» **Stored data**
-------------------------

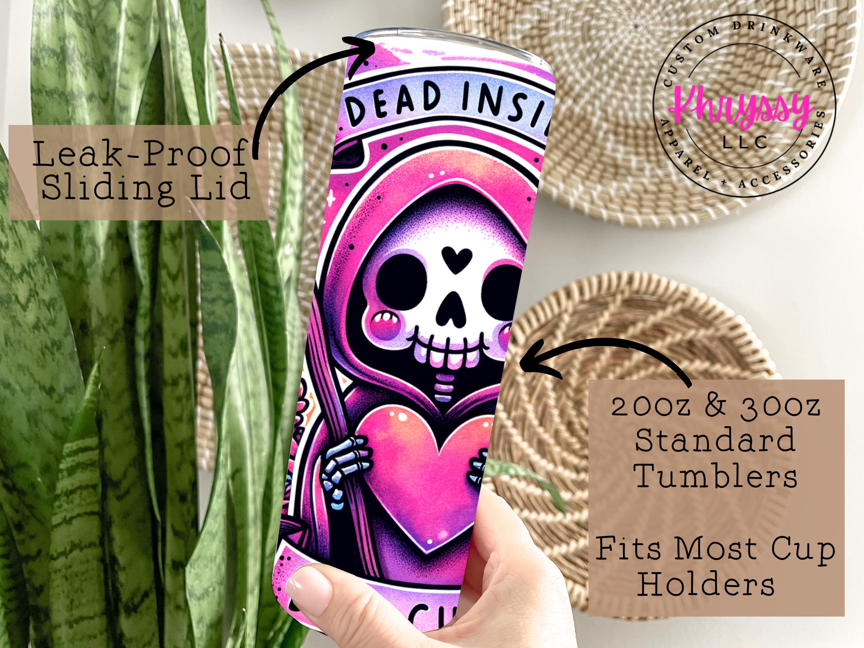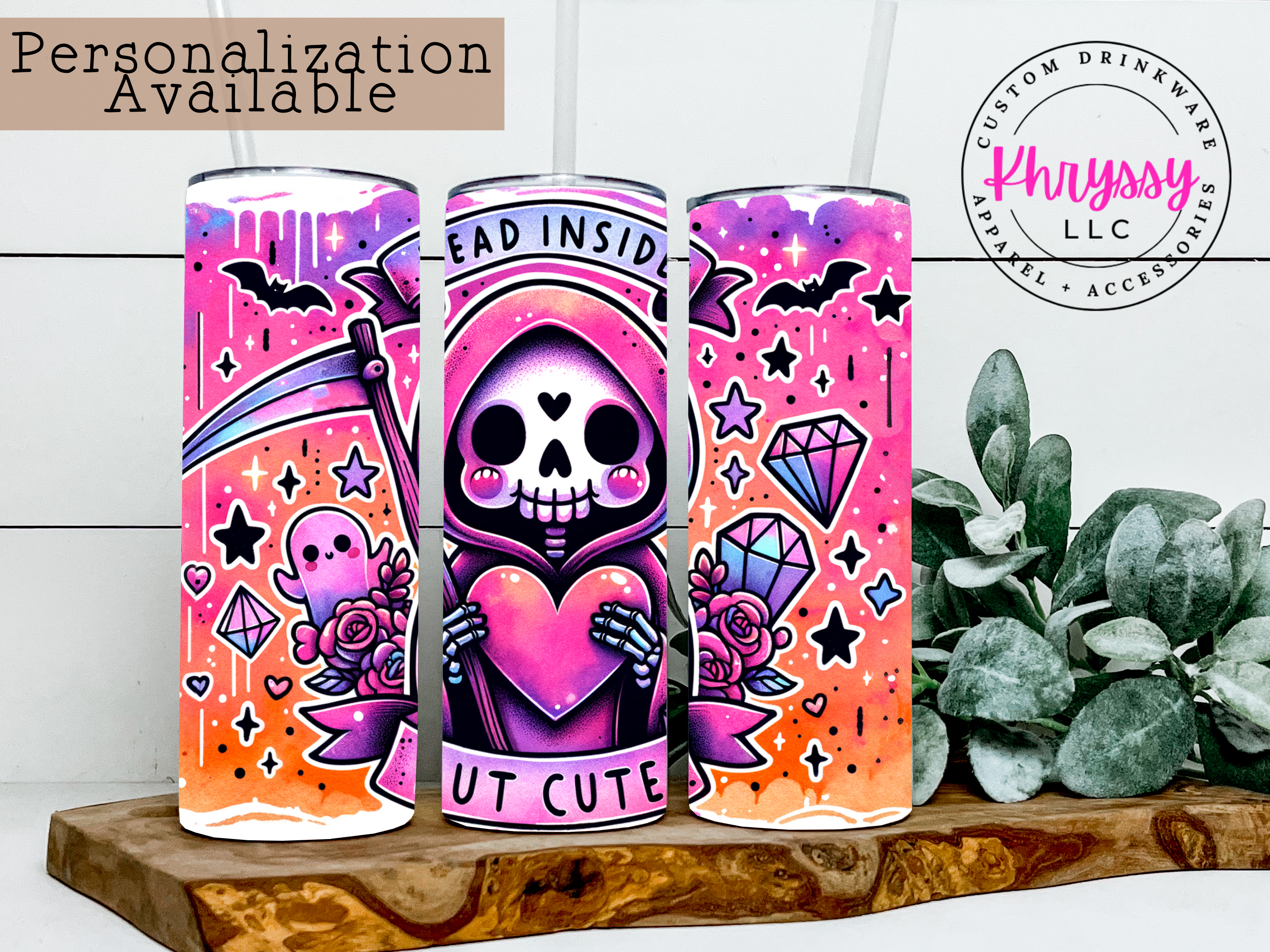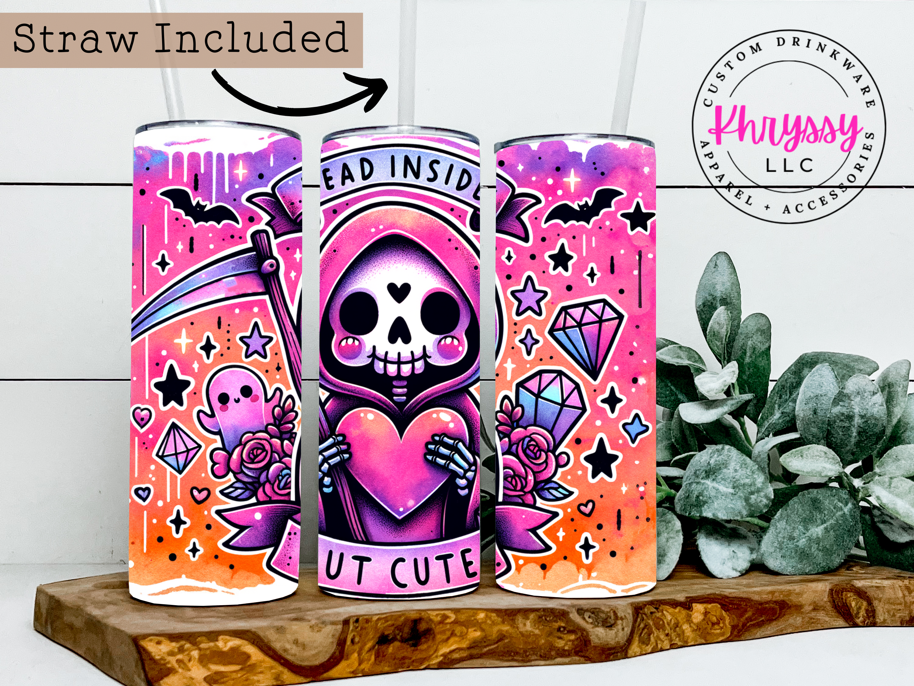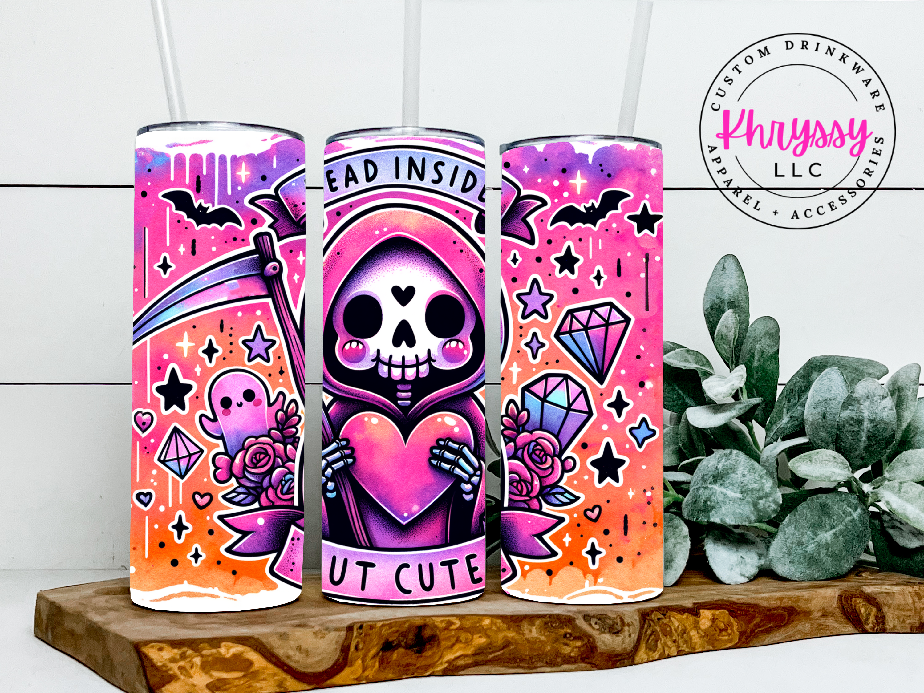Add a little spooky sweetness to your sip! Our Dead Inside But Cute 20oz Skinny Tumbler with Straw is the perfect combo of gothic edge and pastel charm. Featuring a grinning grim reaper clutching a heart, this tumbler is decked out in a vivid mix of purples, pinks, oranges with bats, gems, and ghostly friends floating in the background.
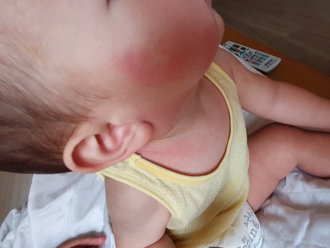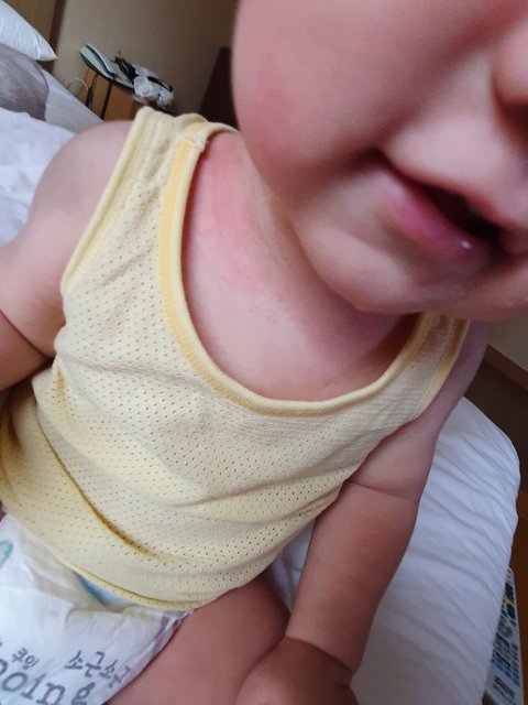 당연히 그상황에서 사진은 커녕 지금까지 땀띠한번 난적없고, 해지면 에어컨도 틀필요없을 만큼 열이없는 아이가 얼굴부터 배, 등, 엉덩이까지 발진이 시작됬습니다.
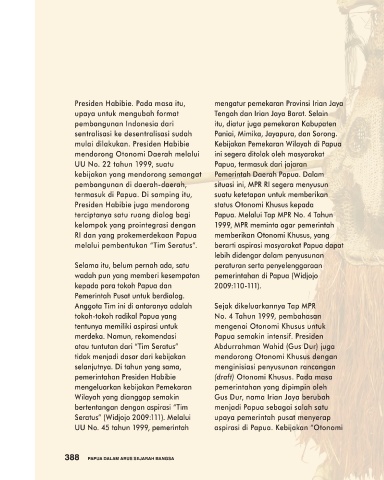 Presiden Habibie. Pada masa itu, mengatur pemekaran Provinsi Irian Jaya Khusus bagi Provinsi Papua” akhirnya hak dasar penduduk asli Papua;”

-------------------------

» **Instructions to follow**
Give back word for word the lines from the one containing "당연히 그상황에서 사진은" through the final line of the data above. Pictures are to be left out.

» **Result below**
 당연히 그상황에서 사진은 커녕 지금까지 땀띠한번 난적없고, 해지면 에어컨도 틀필요없을 만큼 열이없는 아이가 얼굴부터 배, 등, 엉덩이까지 발진이 시작됬습니다.
 Presiden Habibie. Pada masa itu, mengatur pemekaran Provinsi Irian Jaya Khusus bagi Provinsi Papua” akhirnya hak dasar penduduk asli Papua;”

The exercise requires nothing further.